Available data =>
========================

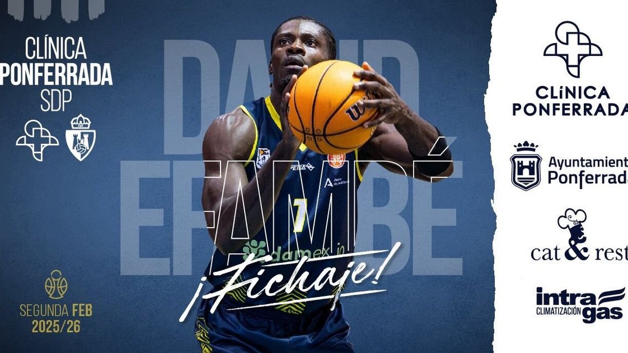 El Clínica Ponferrada SDP ha anunciado este domingo la incorporación del pívot David Efambé, jugador de 24 años que la pasada temporada defendió los colores del Damex UDEA Algeciras en el Grupo Oeste de la Segunda FEB.
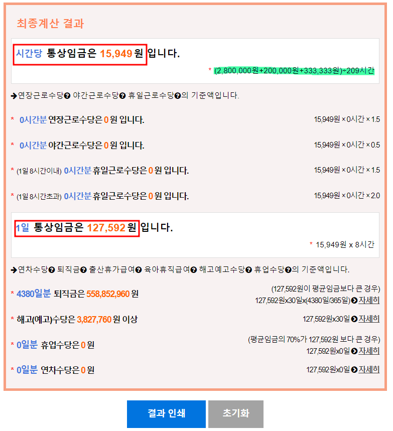위 그림과 같이 시간당 통상임금은 15,949원이 계산됐습니다. 일 통상임금은 8시간 기준으로 127,592원이 됩니다. 계산법은 어렵지 않습니다. 월 기본급 + 월 고정 수당 + 월 상여금을 더하고 209시간으로 나누면 됩니다.
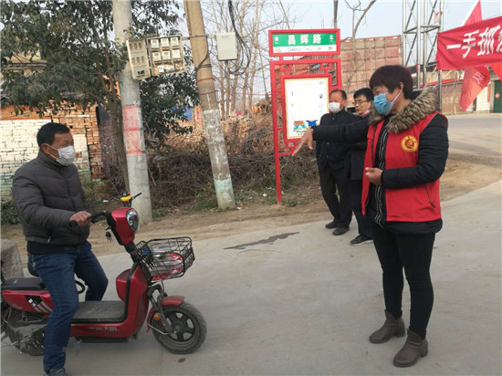 臘月三十那天,餃子剛剛包好,王愛月同志臨危受命,根據(jù)鎮(zhèn)黨委安排部署,果斷迅速組織布防嚴(yán)控,立即進(jìn)入疫情防控第一線。鄉(xiāng)鎮(zhèn)召集各村黨支部書記召開會議,分析研判嚴(yán)峻形勢,要求各村支部發(fā)揮基層組織“戰(zhàn)斗堡壘”作用,立即摸清情況,穩(wěn)定群眾情緒,增強(qiáng)群眾信心;鎮(zhèn)中心衛(wèi)生院給各村醫(yī)安排防疫工作。會后,村兩委班子第一時間成立了奉母鎮(zhèn)后邵村防控新冠肺炎疫情領(lǐng)導(dǎo)小組,王愛月?lián)胃苯M長,協(xié)助支部書記制定全村防控應(yīng)急處置方案,負(fù)責(zé)處理疫情持續(xù)期間各類防控工作,結(jié)合后邵村實(shí)際,從疫情摸排、防控物資采購、應(yīng)急值守、各場所消毒、道路設(shè)卡等各方面全面做好準(zhǔn)備。全村組建6個排查組對全村居民逐戶排查,她親自帶隊(duì)逐戶排查所有外來人員,確保不漏一戶一人。之后,建立排查臺賬,及時準(zhǔn)確掌控疫情動態(tài),為每位務(wù)工返鄉(xiāng)人員發(fā)放了注意事項(xiàng)告知書和宣傳單,對外出返鄉(xiāng)人員落實(shí)了包戶責(zé)任制。同時建立防控微信群,實(shí)時掌握他們的身體情況,解答他們的疑惑,全力做好心理疏導(dǎo)工作,切實(shí)解決鄉(xiāng)里鄉(xiāng)親的困難問題。
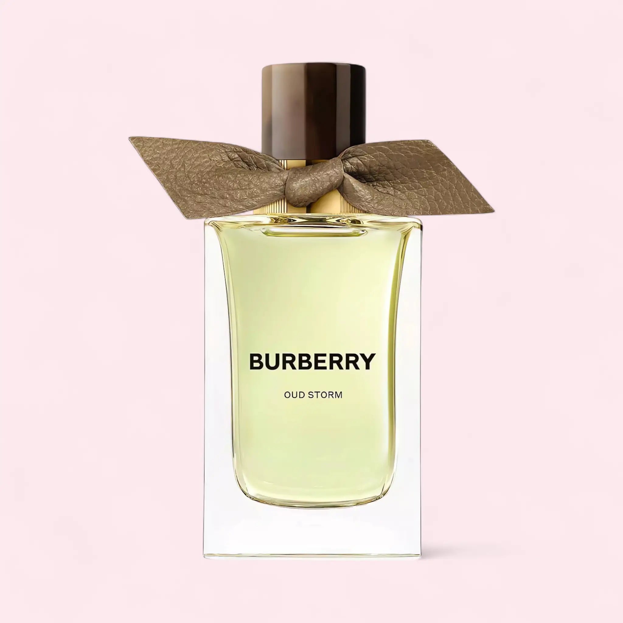 Burberry Oud Storm perfume bottle and packaging on a light pink background
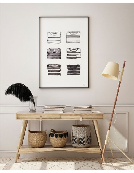 Conjunto de seis camisetas de rayas negras dobladas.Composición diseñada por Valenria Rienzi. Combina este cuadro con otros para formar un collage
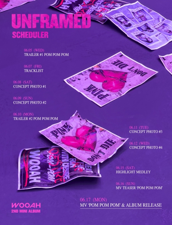WOOAH는 지난 4일 오후 공식 SNS를 통해 두 번째 미니 앨범 'UNFRAMED(언프레임드)'의 스케줄러 이미지를 공개했다.
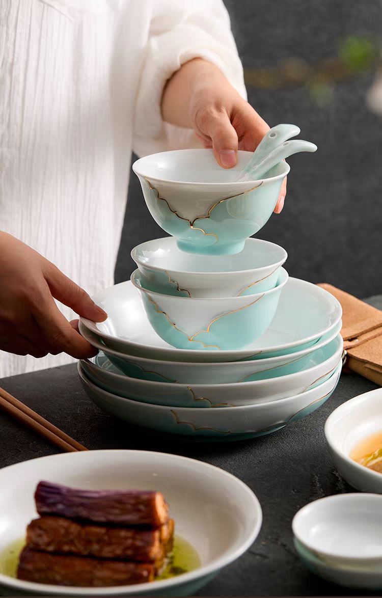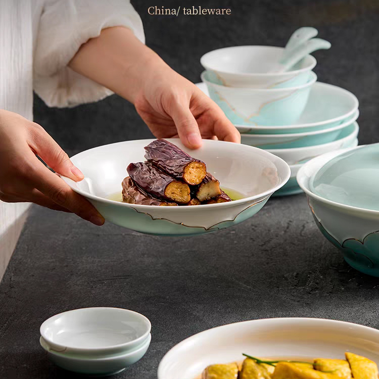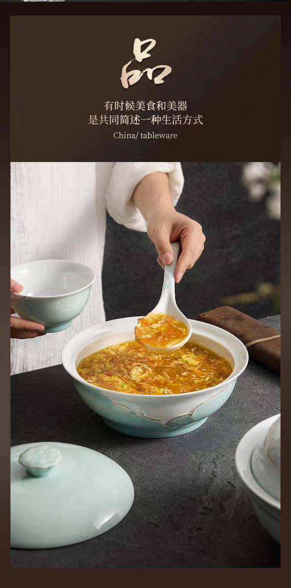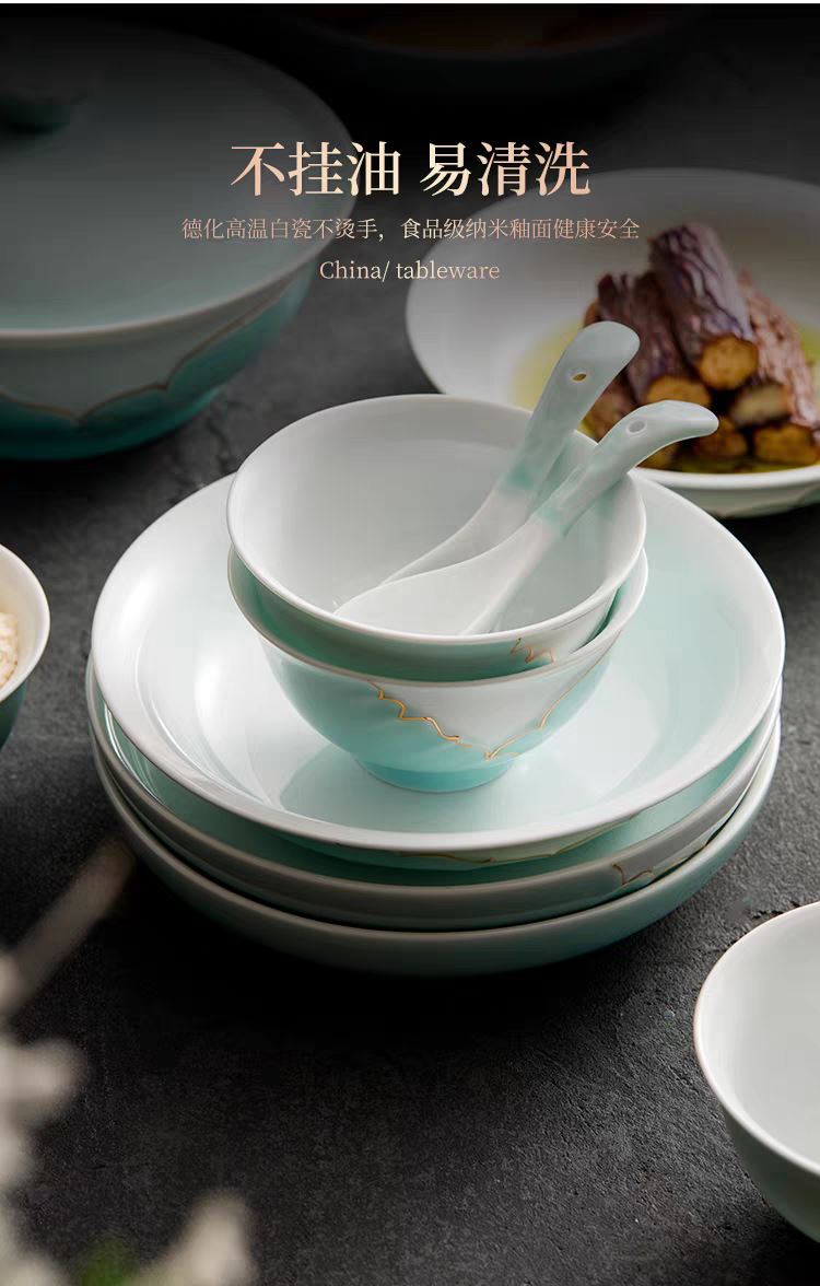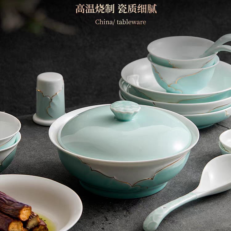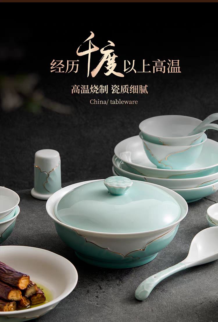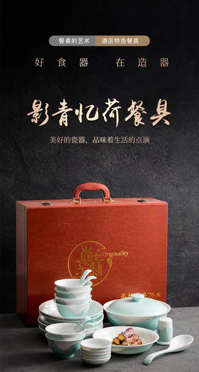 尾桥下窑影青瓷26头忆荷鎏金浮雕餐具套装商务礼赠母亲节礼品
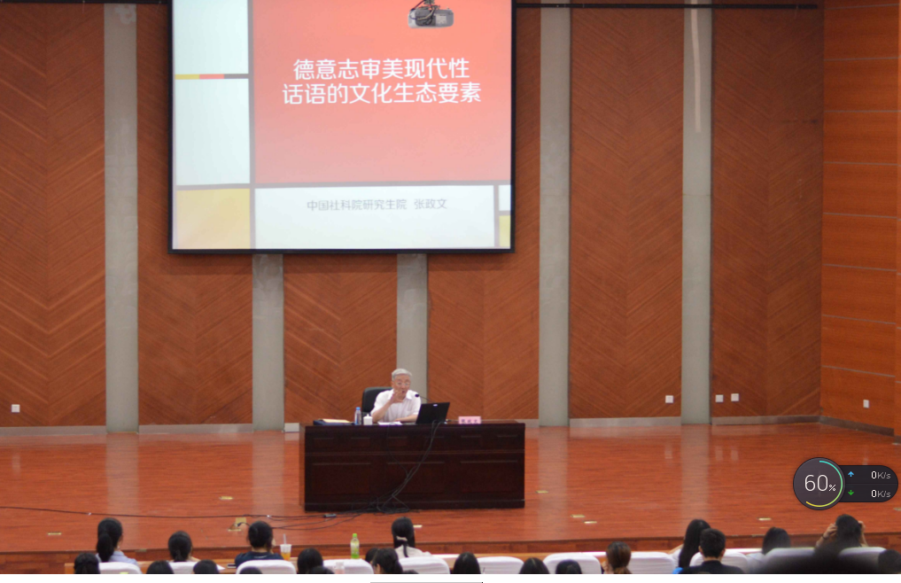5月19日晚,中国社会科学院大学党委书记、常务副校长张政文教授应邀在尚大楼105学术报告厅为我校师生做了题为“德意志审美现代性话语的文化生态要素”的学术讲座。我校500多名师生聆听了讲座。
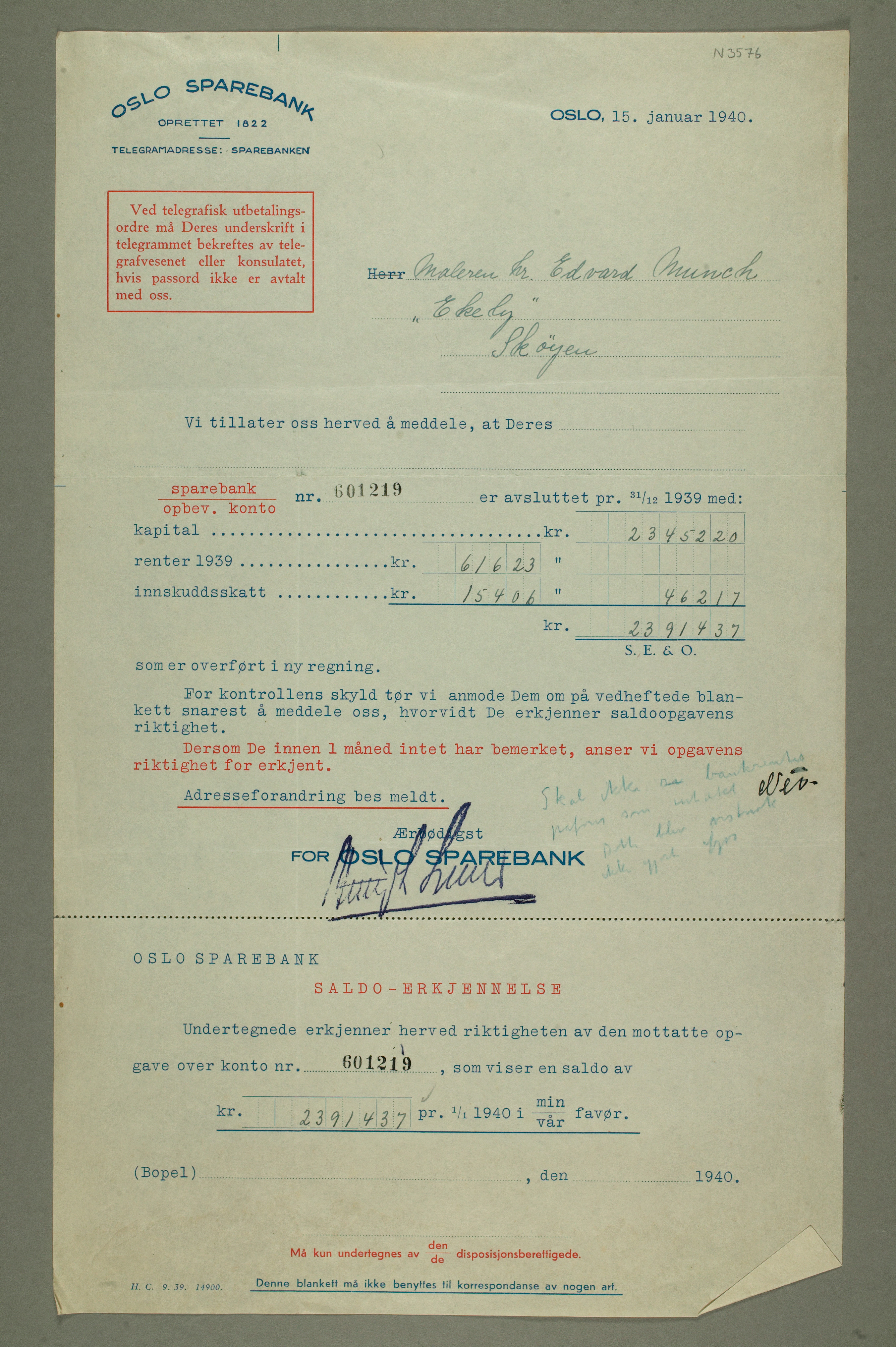 Filologisk kommentar: Munchs påskrift på brev fra Oslo Sparebank
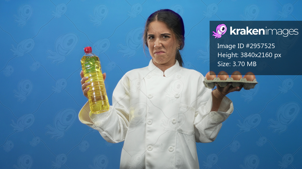 Woman chef in white coat holds bottle of oil and carton of eggs, grimacing while comparing ingredients in a studio; disgust dilemma.
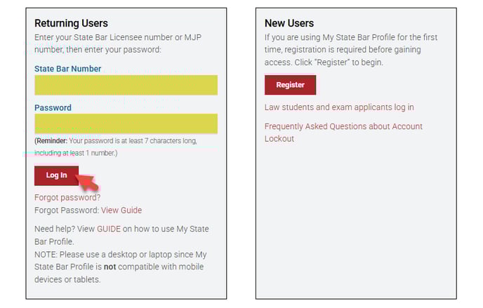 Forgot your password? View this guide. Do not remember your bar number? View this guide.
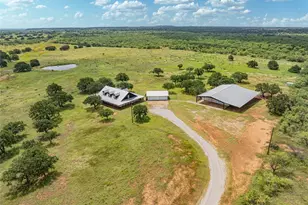 Welcome home to a picturesque, private estate located just outside of the city limits of Breckenridge in Stephens County! Experience the perfect blend of privacy and convenience with a stunning 4 bed, 2 bath custom built home nestled among gently rolling hills and mature post oak trees. Complete wrap around porches beckon you and guests to take in the panoramic views, local wildlife, and country landscapes. Inside, you'll find a wide open concept living-kitchen-dining room with soaring 2 story ceilings and a wall of windows to the east, perfect for entertaining and family gatherings. A spacious primary suite offers porch access, dual bath vanities and his and her closets, with beautiful custom built-in cabinetry. The guest bedrooms are well appointed with large walk-in closets split by an oversized Jack and Jill bath with more custom storage. Upstairs features over 600sqft of space accented with dormers and a convenient half bath, making it an ideal bonus or flex space, game room, media room, etc. Outside, a 3-car detached garage offers protected parking, while the 5,000sqft shop with electricity and oversized doors, boasts the perfect solution for storing recreational vehicles, or running your personal business. Excellently fenced and crossed fenced, the property is set up to run livestock, an equine operation, or keep hobby animals, with improved grasses and working pens. Water is a precious resource and is NOT in short supply here, with WCTMWD raw water, SRSUD rural water, and a brimming full 0.3 acre stock pond. The south border backs up to much larger acreage, giving the property an even more spacious feel. Again, location is key here, as it rests only 2 miles from Hubbard Creek Lake, known for its bass fishing and recreation. This property has so much to offer new owners, it's a must see for yourself. Call today to schedule a showing and make this one your forever home!
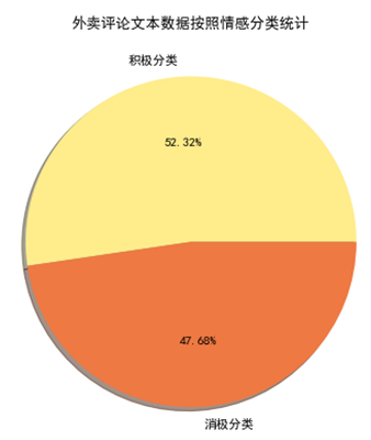 通过外卖评论文本按情感分类统计图可以得出,积极情感分析积极分类占比为 52.32%,超过了一半。这表明在收集的外卖评论文本数据中,大多数消费者对外卖服务、餐品等方面持有较为满意、认可的态度。说明外卖商家在整体上能够满足消费者的需求,在餐品质量、配送服务、包装等方面有较好的表现,从而使得消费者给出积极评价。消极情感分析消极分类占比为 47.68%,虽然略低于积极分类,但占比也相当高。这反映出仍有相当一部分消费者对外卖体验存在不满,可能在餐品口味、配送速度、服务态度等方面存在问题,导致他们给出负面评价。商家和平台需要重视这些消极评价,从中找出问题根源,例如是菜品不合口味、配送延迟,还是服务态度欠佳等,进而有针对性地进行改进。
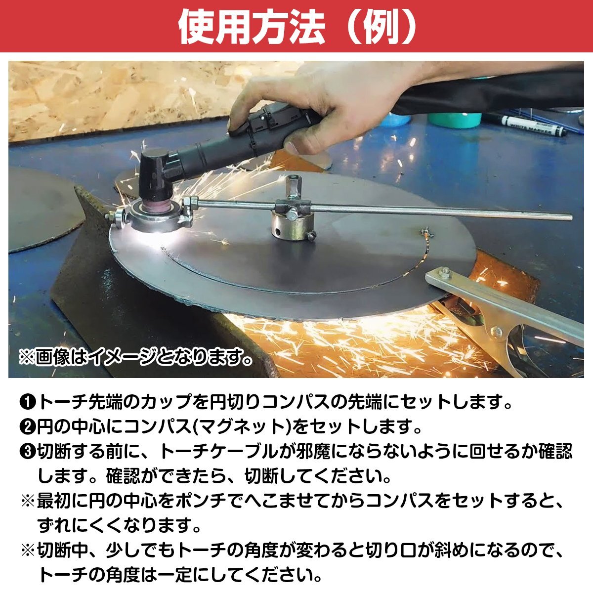 商 品 説 明トーチを先端に装着して、コンパスのように効率よく円の切断・穴あけ加工が行えます。

========================

Problem description => The expected response is every line of the material, written out exactly, with the images removed.

Answer space =>
 El Clínica Ponferrada SDP ha anunciado este domingo la incorporación del pívot David Efambé, jugador de 24 años que la pasada temporada defendió los colores del Damex UDEA Algeciras en el Grupo Oeste de la Segunda FEB.
위 그림과 같이 시간당 통상임금은 15,949원이 계산됐습니다. 일 통상임금은 8시간 기준으로 127,592원이 됩니다. 계산법은 어렵지 않습니다. 월 기본급 + 월 고정 수당 + 월 상여금을 더하고 209시간으로 나누면 됩니다.
 臘月三十那天,餃子剛剛包好,王愛月同志臨危受命,根據(jù)鎮(zhèn)黨委安排部署,果斷迅速組織布防嚴(yán)控,立即進(jìn)入疫情防控第一線。鄉(xiāng)鎮(zhèn)召集各村黨支部書記召開會議,分析研判嚴(yán)峻形勢,要求各村支部發(fā)揮基層組織“戰(zhàn)斗堡壘”作用,立即摸清情況,穩(wěn)定群眾情緒,增強(qiáng)群眾信心;鎮(zhèn)中心衛(wèi)生院給各村醫(yī)安排防疫工作。會后,村兩委班子第一時間成立了奉母鎮(zhèn)后邵村防控新冠肺炎疫情領(lǐng)導(dǎo)小組,王愛月?lián)胃苯M長,協(xié)助支部書記制定全村防控應(yīng)急處置方案,負(fù)責(zé)處理疫情持續(xù)期間各類防控工作,結(jié)合后邵村實(shí)際,從疫情摸排、防控物資采購、應(yīng)急值守、各場所消毒、道路設(shè)卡等各方面全面做好準(zhǔn)備。全村組建6個排查組對全村居民逐戶排查,她親自帶隊(duì)逐戶排查所有外來人員,確保不漏一戶一人。之后,建立排查臺賬,及時準(zhǔn)確掌控疫情動態(tài),為每位務(wù)工返鄉(xiāng)人員發(fā)放了注意事項(xiàng)告知書和宣傳單,對外出返鄉(xiāng)人員落實(shí)了包戶責(zé)任制。同時建立防控微信群,實(shí)時掌握他們的身體情況,解答他們的疑惑,全力做好心理疏導(dǎo)工作,切實(shí)解決鄉(xiāng)里鄉(xiāng)親的困難問題。
 Burberry Oud Storm perfume bottle and packaging on a light pink background
 Conjunto de seis camisetas de rayas negras dobladas.Composición diseñada por Valenria Rienzi. Combina este cuadro con otros para formar un collage
WOOAH는 지난 4일 오후 공식 SNS를 통해 두 번째 미니 앨범 'UNFRAMED(언프레임드)'의 스케줄러 이미지를 공개했다.
 尾桥下窑影青瓷26头忆荷鎏金浮雕餐具套装商务礼赠母亲节礼品
5月19日晚,中国社会科学院大学党委书记、常务副校长张政文教授应邀在尚大楼105学术报告厅为我校师生做了题为“德意志审美现代性话语的文化生态要素”的学术讲座。我校500多名师生聆听了讲座。
 Filologisk kommentar: Munchs påskrift på brev fra Oslo Sparebank
 Woman chef in white coat holds bottle of oil and carton of eggs, grimacing while comparing ingredients in a studio; disgust dilemma.
 Forgot your password? View this guide. Do not remember your bar number? View this guide.
 Welcome home to a picturesque, private estate located just outside of the city limits of Breckenridge in Stephens County! Experience the perfect blend of privacy and convenience with a stunning 4 bed, 2 bath custom built home nestled among gently rolling hills and mature post oak trees. Complete wrap around porches beckon you and guests to take in the panoramic views, local wildlife, and country landscapes. Inside, you'll find a wide open concept living-kitchen-dining room with soaring 2 story ceilings and a wall of windows to the east, perfect for entertaining and family gatherings. A spacious primary suite offers porch access, dual bath vanities and his and her closets, with beautiful custom built-in cabinetry. The guest bedrooms are well appointed with large walk-in closets split by an oversized Jack and Jill bath with more custom storage. Upstairs features over 600sqft of space accented with dormers and a convenient half bath, making it an ideal bonus or flex space, game room, media room, etc. Outside, a 3-car detached garage offers protected parking, while the 5,000sqft shop with electricity and oversized doors, boasts the perfect solution for storing recreational vehicles, or running your personal business. Excellently fenced and crossed fenced, the property is set up to run livestock, an equine operation, or keep hobby animals, with improved grasses and working pens. Water is a precious resource and is NOT in short supply here, with WCTMWD raw water, SRSUD rural water, and a brimming full 0.3 acre stock pond. The south border backs up to much larger acreage, giving the property an even more spacious feel. Again, location is key here, as it rests only 2 miles from Hubbard Creek Lake, known for its bass fishing and recreation. This property has so much to offer new owners, it's a must see for yourself. Call today to schedule a showing and make this one your forever home!
 通过外卖评论文本按情感分类统计图可以得出,积极情感分析积极分类占比为 52.32%,超过了一半。这表明在收集的外卖评论文本数据中,大多数消费者对外卖服务、餐品等方面持有较为满意、认可的态度。说明外卖商家在整体上能够满足消费者的需求,在餐品质量、配送服务、包装等方面有较好的表现,从而使得消费者给出积极评价。消极情感分析消极分类占比为 47.68%,虽然略低于积极分类,但占比也相当高。这反映出仍有相当一部分消费者对外卖体验存在不满,可能在餐品口味、配送速度、服务态度等方面存在问题,导致他们给出负面评价。商家和平台需要重视这些消极评价,从中找出问题根源,例如是菜品不合口味、配送延迟,还是服务态度欠佳等,进而有针对性地进行改进。
 商 品 説 明トーチを先端に装着して、コンパスのように効率よく円の切断・穴あけ加工が行えます。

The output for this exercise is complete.